» Exercise details: The response should reproduce exactly the lines from the top of the listing below through the one that contains "صناعة متقنة: حاويات", and nothing else; pictures do not belong in it.

Start of Block

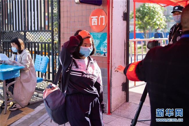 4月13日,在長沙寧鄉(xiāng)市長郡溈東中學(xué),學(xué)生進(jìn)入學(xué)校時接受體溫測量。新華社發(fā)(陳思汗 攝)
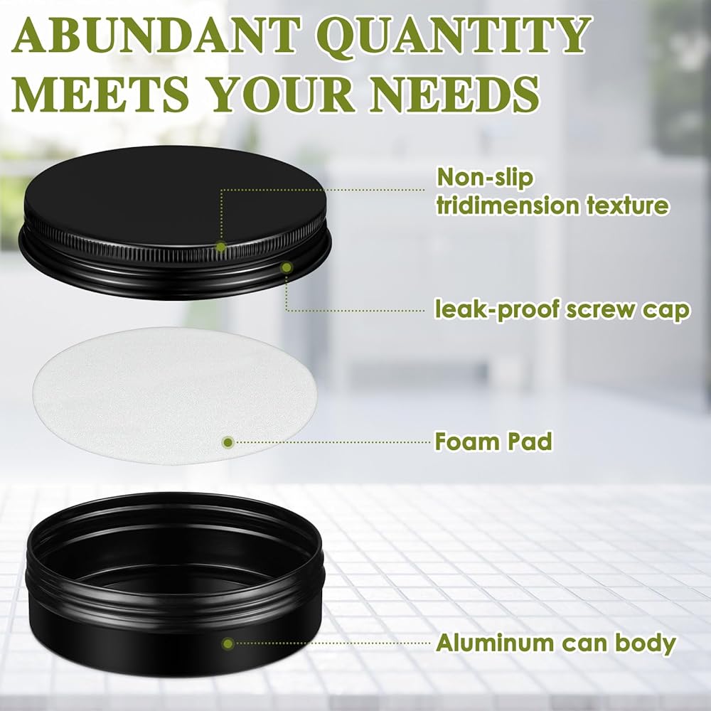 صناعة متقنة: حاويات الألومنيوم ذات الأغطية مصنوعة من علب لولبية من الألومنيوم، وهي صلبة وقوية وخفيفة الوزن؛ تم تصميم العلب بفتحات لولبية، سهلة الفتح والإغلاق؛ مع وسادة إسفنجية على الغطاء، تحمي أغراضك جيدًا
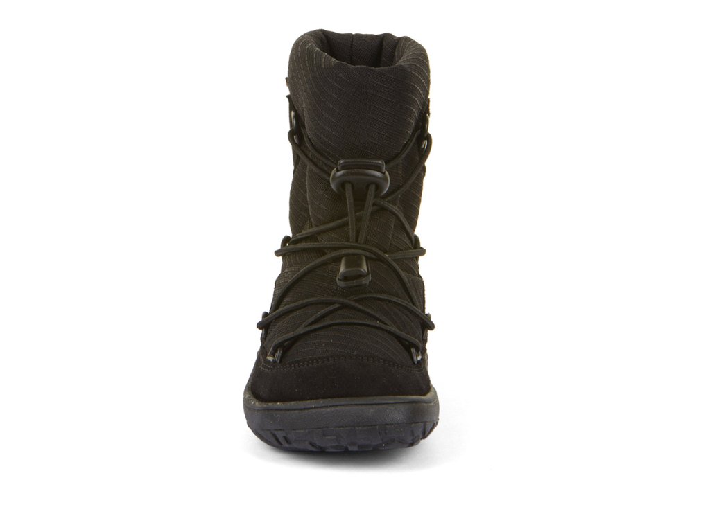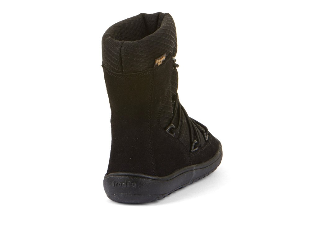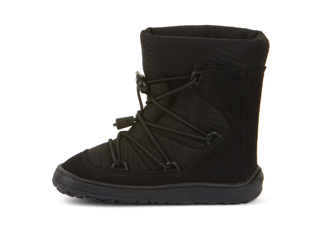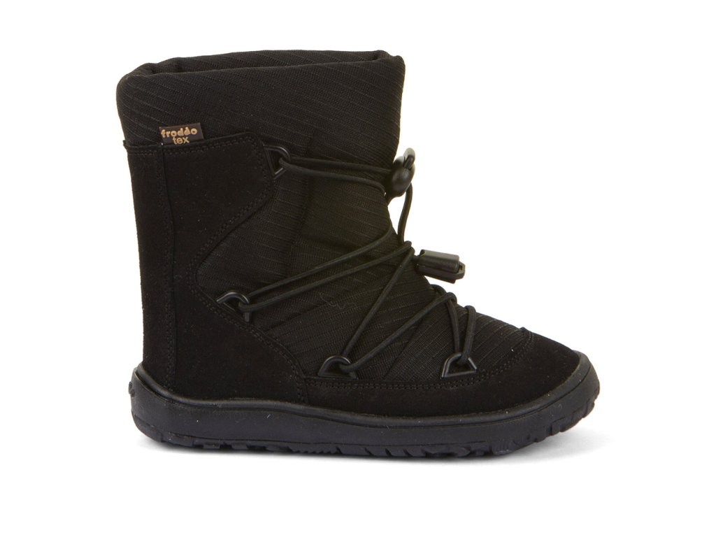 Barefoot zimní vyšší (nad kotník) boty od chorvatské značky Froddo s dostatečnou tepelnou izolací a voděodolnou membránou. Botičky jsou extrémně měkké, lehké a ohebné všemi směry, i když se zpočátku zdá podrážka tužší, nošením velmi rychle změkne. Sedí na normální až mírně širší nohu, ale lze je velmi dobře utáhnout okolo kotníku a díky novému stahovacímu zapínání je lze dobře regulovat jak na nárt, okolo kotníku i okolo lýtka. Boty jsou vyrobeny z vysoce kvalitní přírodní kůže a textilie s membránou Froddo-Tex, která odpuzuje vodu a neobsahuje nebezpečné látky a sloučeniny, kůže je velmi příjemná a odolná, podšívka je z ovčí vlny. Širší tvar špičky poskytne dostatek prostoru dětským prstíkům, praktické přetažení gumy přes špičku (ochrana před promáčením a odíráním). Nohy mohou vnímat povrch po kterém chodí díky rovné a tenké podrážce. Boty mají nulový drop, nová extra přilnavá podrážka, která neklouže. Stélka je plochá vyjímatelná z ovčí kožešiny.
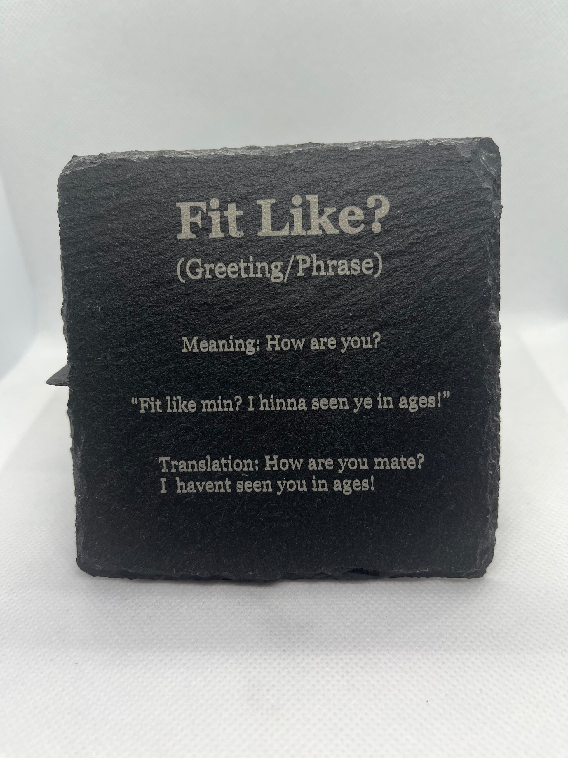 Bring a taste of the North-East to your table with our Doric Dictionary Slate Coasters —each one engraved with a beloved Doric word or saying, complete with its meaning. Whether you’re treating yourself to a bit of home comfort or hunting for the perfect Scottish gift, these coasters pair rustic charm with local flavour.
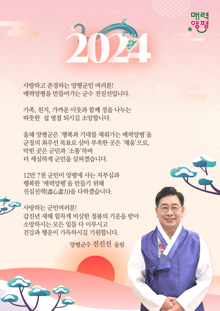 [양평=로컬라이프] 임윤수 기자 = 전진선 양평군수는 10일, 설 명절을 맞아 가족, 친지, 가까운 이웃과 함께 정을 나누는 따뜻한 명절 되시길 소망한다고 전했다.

End of Block

» Answer to this problem:
 4月13日,在長沙寧鄉(xiāng)市長郡溈東中學(xué),學(xué)生進(jìn)入學(xué)校時接受體溫測量。新華社發(fā)(陳思汗 攝)
 صناعة متقنة: حاويات الألومنيوم ذات الأغطية مصنوعة من علب لولبية من الألومنيوم، وهي صلبة وقوية وخفيفة الوزن؛ تم تصميم العلب بفتحات لولبية، سهلة الفتح والإغلاق؛ مع وسادة إسفنجية على الغطاء، تحمي أغراضك جيدًا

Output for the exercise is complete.